Uno nunca sabe cuánta basura realmente se ha juntado en un lugar hasta que le toca a uno recogerla. Y uno nunca sabe con qué se va a encontrar en ese lugar. En este caso, se trató una cruz rota y una goma de mascar descartada debajo de un contenedor azul en una plazoleta cerca del centro de Denver.

La tarea era sencilla, tanto que no hubo explicaciones excepto sobre el día, la hora y el lugar de reunión. Al llegar, recibí una pala de plástico, una escoba y un par de guantes de plástico. Sin decir palabra, el coordinador del proyecto, con sus brazo y su índice extendidos, describió un imaginario semicírculo delimitando el área  a ser limpiada que me correspondía.

Y allí, debajo de un contenedor azul (de esos que se usan para llevar cargo en trenes o barcos), me encontré con una cruz blanca y rota, aún con su cadena, junto un descartado pedazo de goma de mascar.

¿Qué hacía la cruz allí? ¿Qué mudas historias tendría para contar? ¿Y por qué le faltaba un brazo? Quizá se le había caído del bolsillo a alguna persona desamparada que dormía debajo del contenedor en esa plazoleta. O quizá algún incidente o accidente provocó la rotura de la cruz y como consecuencia su abandono.

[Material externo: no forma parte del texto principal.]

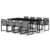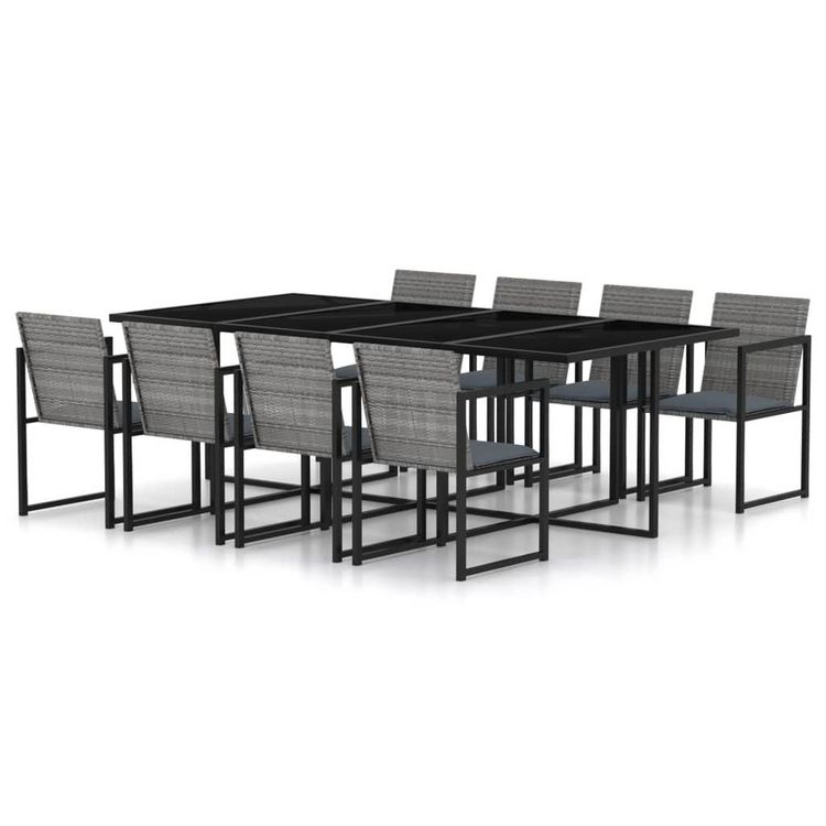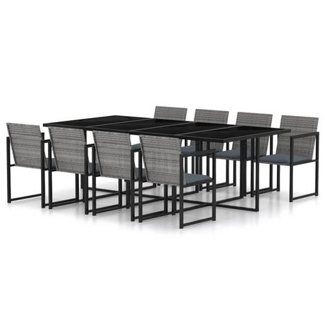 Ensemble a manger d'exterieur 9pcs coussins Resine tressee Gris
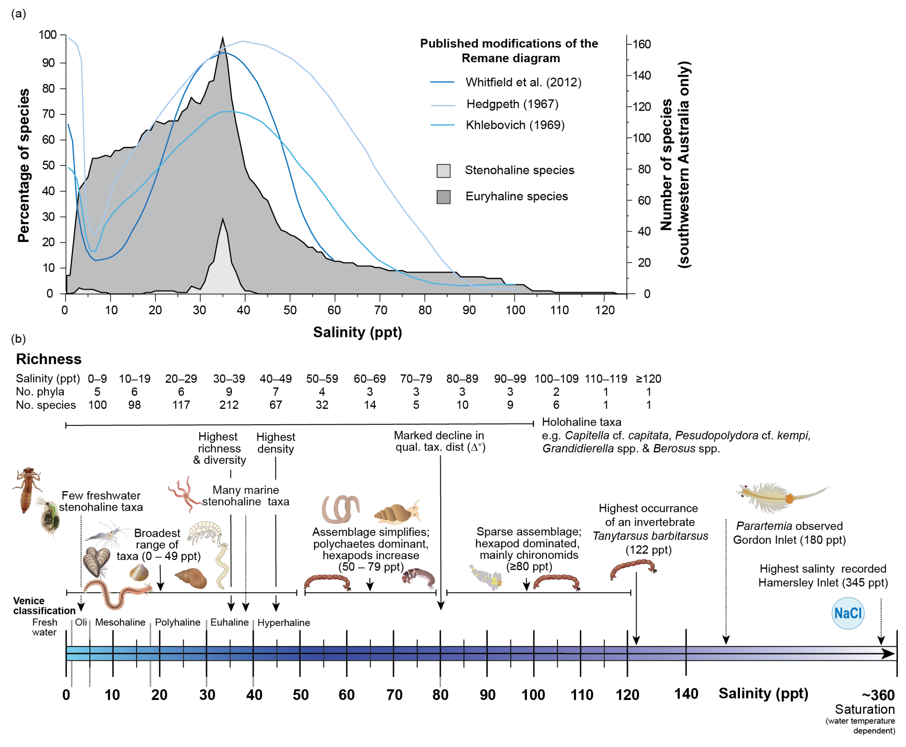 - Lim, R.; Fourie, S.A.; Stout, E.J.; Roots, B.J.; Cronin-O’Reilly, S.; Rodgers, E.M.; Tweedley, J.R. Testing the Remane diagram: Occurrences of benthic macroinvertebrates in oligohaline to hyperhaline salinities. Water 2025, 17, 1642. [Google Scholar] [CrossRef]

¿Y qué brazo le faltaba? ¿El derecho o el izquierdo? En otras palabras, ¿había perdido la cruz su justicia o había perdido su misericordia (según la antigua tradición de identificar a una y otra con las dos manos)?

Quizá la cruz había perdido un brazo, sin que supiésemos cuál, para reflejar a una sociedad que también, en muchos casos, ha perdido tanto el sentido de justicia como el de misericordia. Quizá el dueño de la cruz, viendo la injusticia y la inmisericordia de su propia situación, decidió abandonar la cruz, y junto a ella su esperanza y sus sueños.

La cruz era de plástico. Nada especial. Debe haber muchas otras cruces como esa. Ciertamente, no era una obra de arte irremplazable. Pero su portador, sea que la haya perdido o abandonado, ciertamente es irremplazable e irrepetible, por el solo hecho de ser un ser humano.

¿Y qué decir de la goma de mascar descartada? ¿Habrá sido esa la única comida de ese día para el portador de la cruz? ¿Habrá sido su “cena”, tratando de mantener algo en la boca para olvidarse de un estómago vacío?

Quizá se trate de dos historias distintas unidas por el contenedor azul, transformado en obra de arte en el centro de la plazoleta, pero usado como lugar de refugio para desamparados. Quizá alguien compartió lo único que tenía para comer, una goma de mascar, con alguien más, quien a su vez agradeció con lo único que podía agradecer: una cruz.

Entre una inmensa cantidad de colillas de cigarrillos, vidrios rotos, envoltorios de todo tipo, y fragmentos de elementos irreconocibles, la cruz, el contenedor y la goma de mascar tienen una historia para contar que se repite día tras día.